10 juin 2026

Lieven Acke, réviseur d'entreprises

 

Ces dernières semaines ont été marquées par une abondance de publications du BAOB :

  • Le Rapport d’activités 2025 ;
  • Le Plan d’action 2026 ;
  • Les guides pour le contrôle de qualité 2026 des réviseurs d’entreprises non EIP.

Comme à l’accoutumée, deux guides sont prévus, l’un pour l’évaluation de l’organisation du cabinet et l’autre pour l’évaluation de la qualité des missions de contrôle (mandats et missions légales).

Sur le plan du contenu, c’est surtout le guide relatif à l’organisation du cabinet qui a été modifié, en mettant l’accent sur le processus d’évaluation des risques (Risk Assessment Process) ainsi que sur le processus de suivi et de prise de mesures correctives (Monitoring & Remediation).

Le guide de contrôle relatif aux mandats a notamment été complété par une série de questions portant sur les travaux à effectuer par le commissaire en cas de distribution d’un dividende intérimaire, de test d’actif net ou de test de liquidité.

Toutefois, les modifications importantes ne concernent pas le contenu :

  • comme l’exprime le BAOB lui‑même, à partir de 2026, après deux années d’approche pédagogique, des inspections ISQM classiques seront menées.

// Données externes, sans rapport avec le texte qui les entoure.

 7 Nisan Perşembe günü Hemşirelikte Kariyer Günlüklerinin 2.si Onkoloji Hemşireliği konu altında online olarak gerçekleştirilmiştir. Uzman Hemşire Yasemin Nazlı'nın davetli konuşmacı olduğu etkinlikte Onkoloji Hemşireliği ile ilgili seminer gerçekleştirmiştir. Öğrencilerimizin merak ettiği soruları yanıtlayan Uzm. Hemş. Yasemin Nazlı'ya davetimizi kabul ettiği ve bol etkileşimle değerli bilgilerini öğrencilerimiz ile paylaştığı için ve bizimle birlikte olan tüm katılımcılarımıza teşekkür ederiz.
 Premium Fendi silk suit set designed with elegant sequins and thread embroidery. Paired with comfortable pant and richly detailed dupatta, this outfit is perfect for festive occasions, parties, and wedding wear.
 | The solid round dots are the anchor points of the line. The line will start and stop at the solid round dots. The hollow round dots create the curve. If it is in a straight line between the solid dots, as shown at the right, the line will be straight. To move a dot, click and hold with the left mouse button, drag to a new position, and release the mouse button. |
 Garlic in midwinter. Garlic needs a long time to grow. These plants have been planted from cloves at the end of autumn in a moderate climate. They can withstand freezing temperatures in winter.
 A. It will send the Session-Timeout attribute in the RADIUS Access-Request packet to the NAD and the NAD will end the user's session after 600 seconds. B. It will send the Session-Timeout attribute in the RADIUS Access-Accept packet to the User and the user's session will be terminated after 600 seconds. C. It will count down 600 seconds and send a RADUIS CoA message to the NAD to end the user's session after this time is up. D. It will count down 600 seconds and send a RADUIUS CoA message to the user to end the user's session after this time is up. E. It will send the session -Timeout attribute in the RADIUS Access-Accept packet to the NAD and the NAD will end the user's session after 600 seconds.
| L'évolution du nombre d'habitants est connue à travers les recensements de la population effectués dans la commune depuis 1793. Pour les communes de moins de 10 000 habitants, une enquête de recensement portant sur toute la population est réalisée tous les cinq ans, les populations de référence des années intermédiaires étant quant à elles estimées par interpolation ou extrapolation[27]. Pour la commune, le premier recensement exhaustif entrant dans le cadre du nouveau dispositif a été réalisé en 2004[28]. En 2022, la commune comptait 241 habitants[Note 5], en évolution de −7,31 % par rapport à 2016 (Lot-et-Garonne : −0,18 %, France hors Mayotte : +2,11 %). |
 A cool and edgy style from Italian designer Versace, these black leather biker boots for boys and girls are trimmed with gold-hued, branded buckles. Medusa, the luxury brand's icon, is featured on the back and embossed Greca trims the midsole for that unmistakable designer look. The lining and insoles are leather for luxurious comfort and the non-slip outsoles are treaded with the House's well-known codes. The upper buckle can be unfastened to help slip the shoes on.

En d’autres termes, cela signifie qu’à partir de 2026, toute non‑conformité à l’ISQM pourra donner lieu à des mesures disciplinaires imposées par le Collège ;
  • en ce qui concerne le contrôle de qualité des mandats, la principale modification consiste en ce que le dossier faisant l’objet du contrôle sera communiqué le jour même du contrôle.

Voici une sélection très personnelle des points à retenir du Plan d’action 2026 :

  • poursuite de l’accent mis sur une supervision fondée sur les données. Le Plan d’action insiste sur l’assurance qualité de ces données. Il nous semble logique que l’intelligence artificielle assiste le BAOB dans la réalisation d’analyses fines et approfondies ;
  • un certain nombre de cabinets de révision non‑EIP ont évolué pour devenir des organisations de grande taille. Le BAOB entend progressivement mettre en place chez ceux‑ci des contrôles, selon une approche fondée sur les risques, suivant un cycle de contrôle de qualité plus court que l’exigence légale minimale de 6 ans ;
  • l’AML demeure un point d’attention majeur pour le BAOB. Nous relevons en particulier qu’en 2026, un nouveau contrôle thématique sera lancé, portant sur les turboliquidations d’entreprises et les dissolutions, avec une attention particulière accordée aux opérations atypiques ainsi qu’à l’identification et à la vérification du client et du bénéficiaire effectif (UBO).

Dans son Rapport d’activités 2025, le BAOB revient sur les résultats de la supervision exercée au cours de l’année 2025. La place accordée à l’AML dans ce rapport est révélatrice de l’importance que le BAOB attache à cette thématique.

Un thème récurrent marquant est celui de la problématique de la documentation d’audit (incomplète, tardive et/ou insuffisante). Les constatations effectuées, telles que l’ajout irrégulier de documents dans un dossier d’audit ou l’établissement et la modification irréguliers de la documentation d’audit, doivent être considérées comme significatives.

Lorsque des faits graves sont constatés, ils peuvent finalement donner lieu à une procédure devant la commission des sanctions de la FSMA. Les « pré‑enquêtes » en cours sont qualifiées de dossiers dinstruction.

Il ressort du Rapport d’activités qu’au début de l’année 2026, 40 dossiers d’instruction étaient en cours. Il serait utile d’indiquer l’ancienneté de ces dossiers ; cela pourrait fournir une indication quant à une évolution positive ou négative.